PROBLEM STATEMENT
For each record that follows, give it back exactly, with no pictures included.

[Records from a data source]
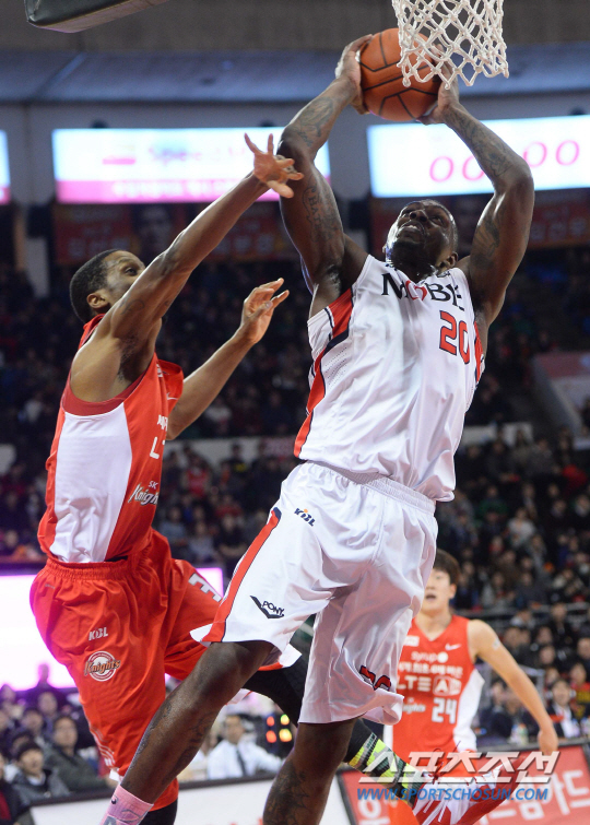 2014-2015 프로농구 서울SK와 울산모비스의 경기가 22일 잠실학생체육관에서 열렸다 모비스 라틀리프가 SK의 헤인즈의 수비사이로 레이업 슛을 시도하고 있다. 잠실=최문영 기자 deer@sportschosun.com /2015.01.22/
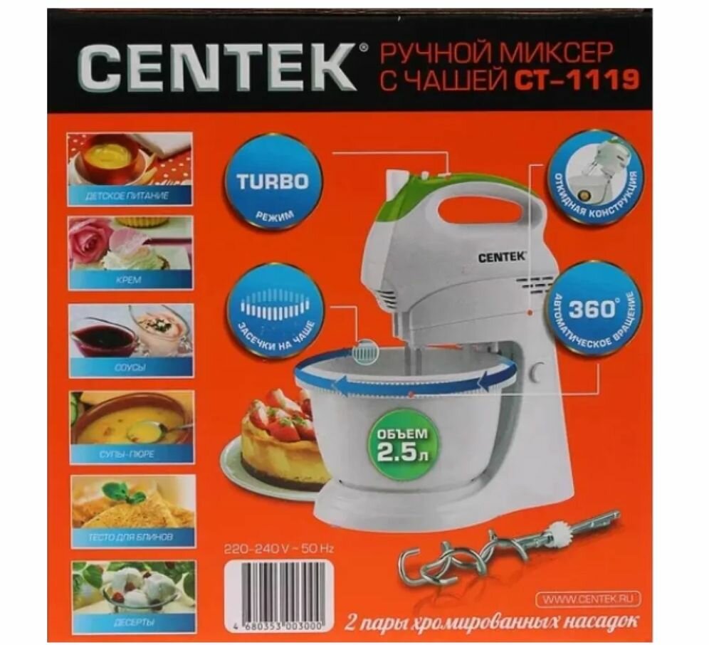 | Прочие особенности и свойства | Миксер Centek CT-1105 легко справится с поставленными задачами. Насадка в виде спирали предназначена для замешивания теста для всех видов домашней выпечки или смешивания сухих ингредиентов. Миксер имеет режим турбо, для ускоренного вымешивания и взбивания. Функция движущейся чаши поможет ускорить эти процессы за счет разного направления вращения насадок и емкости. Кнопка для простого отсоединения насадок и резиновые ножки для устойчивости обеспечивают максимальный комфорт во время использования.,,Объем чаши (л):3.5 л,Длина шнура питания:1.2 м,Цилиндрическое сечение венчиков,Переключатель скоростей |
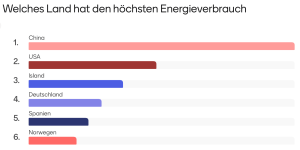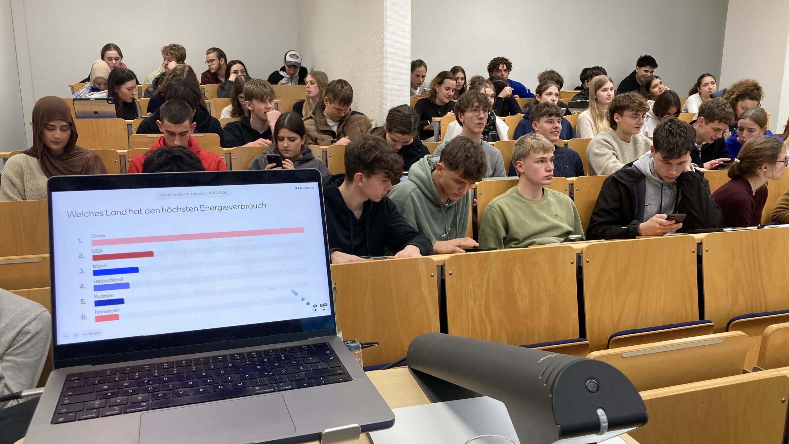 Spannend war auch die interaktive Mentimeter-Umfrage, an der die Schülerinnen und Schüler aktiv teilnahmen. Bei der Frage „Welches Land hat den höchsten Energieverbrauch?“ schätzten die Schülerinnen und Schüler korrekt ein: China auf Platz 1 und die USA auf Platz 2, während europäische Länder wie Norwegen und Spanien die unteren Plätze belegten.
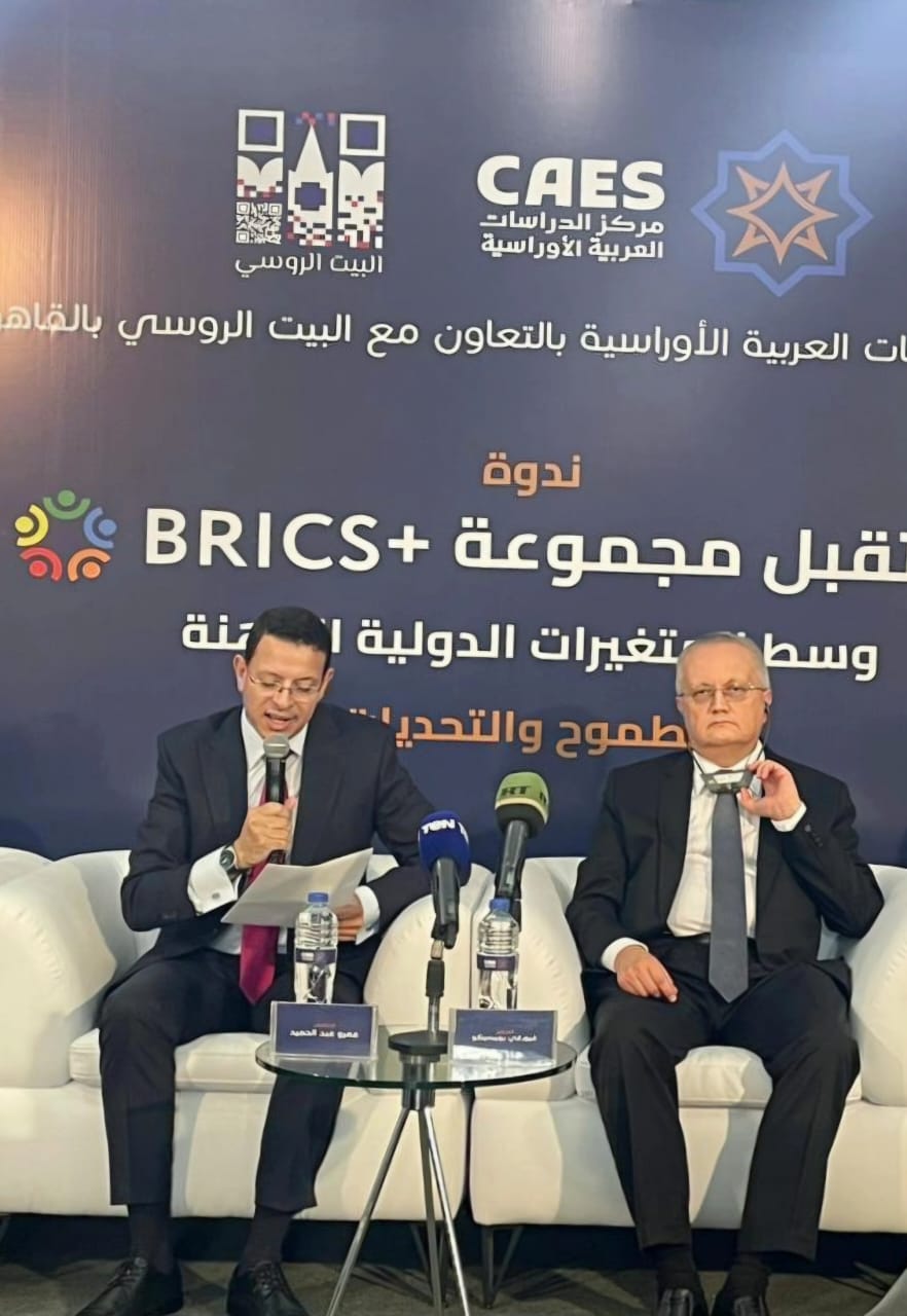 عقدت السفارة الروسية بالقاهرة، بالتعاون مع مركز الدراسات العربية الأوراسية، ندوة بعنوان “مستقبل مجموعة البريكس وسط المتغيرات الدولية الراهنة”.
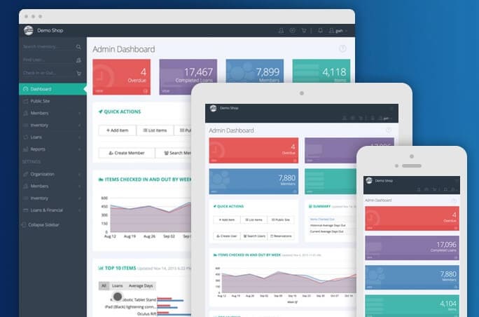 - Locations: Multiple location support give you the ability to separate your inventory by location (or group) — including the ability to restrict regular admins to just modify inventory or complete loans
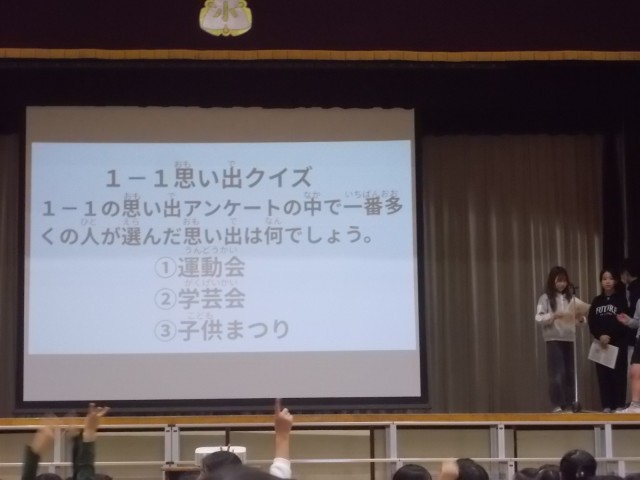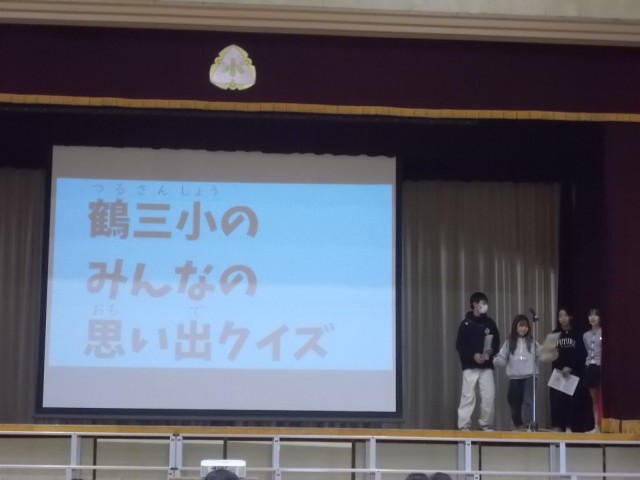 30日5時間目の閉校集会、歌えバンバンの次は「鶴三小のみんなの思い出クイズ」。各学級から1問ずつ、3択クイズが出題されました。学級エピソードや先生のこと、思い出について、全校みんなでクイズに取り組みました。正解が出るたびに歓声が沸き上がりました。

TASK ANSWER
 2014-2015 프로농구 서울SK와 울산모비스의 경기가 22일 잠실학생체육관에서 열렸다 모비스 라틀리프가 SK의 헤인즈의 수비사이로 레이업 슛을 시도하고 있다. 잠실=최문영 기자 deer@sportschosun.com /2015.01.22/
 | Прочие особенности и свойства | Миксер Centek CT-1105 легко справится с поставленными задачами. Насадка в виде спирали предназначена для замешивания теста для всех видов домашней выпечки или смешивания сухих ингредиентов. Миксер имеет режим турбо, для ускоренного вымешивания и взбивания. Функция движущейся чаши поможет ускорить эти процессы за счет разного направления вращения насадок и емкости. Кнопка для простого отсоединения насадок и резиновые ножки для устойчивости обеспечивают максимальный комфорт во время использования.,,Объем чаши (л):3.5 л,Длина шнура питания:1.2 м,Цилиндрическое сечение венчиков,Переключатель скоростей |
 Spannend war auch die interaktive Mentimeter-Umfrage, an der die Schülerinnen und Schüler aktiv teilnahmen. Bei der Frage „Welches Land hat den höchsten Energieverbrauch?“ schätzten die Schülerinnen und Schüler korrekt ein: China auf Platz 1 und die USA auf Platz 2, während europäische Länder wie Norwegen und Spanien die unteren Plätze belegten.
 عقدت السفارة الروسية بالقاهرة، بالتعاون مع مركز الدراسات العربية الأوراسية، ندوة بعنوان “مستقبل مجموعة البريكس وسط المتغيرات الدولية الراهنة”.
 - Locations: Multiple location support give you the ability to separate your inventory by location (or group) — including the ability to restrict regular admins to just modify inventory or complete loans
 30日5時間目の閉校集会、歌えバンバンの次は「鶴三小のみんなの思い出クイズ」。各学級から1問ずつ、3択クイズが出題されました。学級エピソードや先生のこと、思い出について、全校みんなでクイズに取り組みました。正解が出るたびに歓声が沸き上がりました。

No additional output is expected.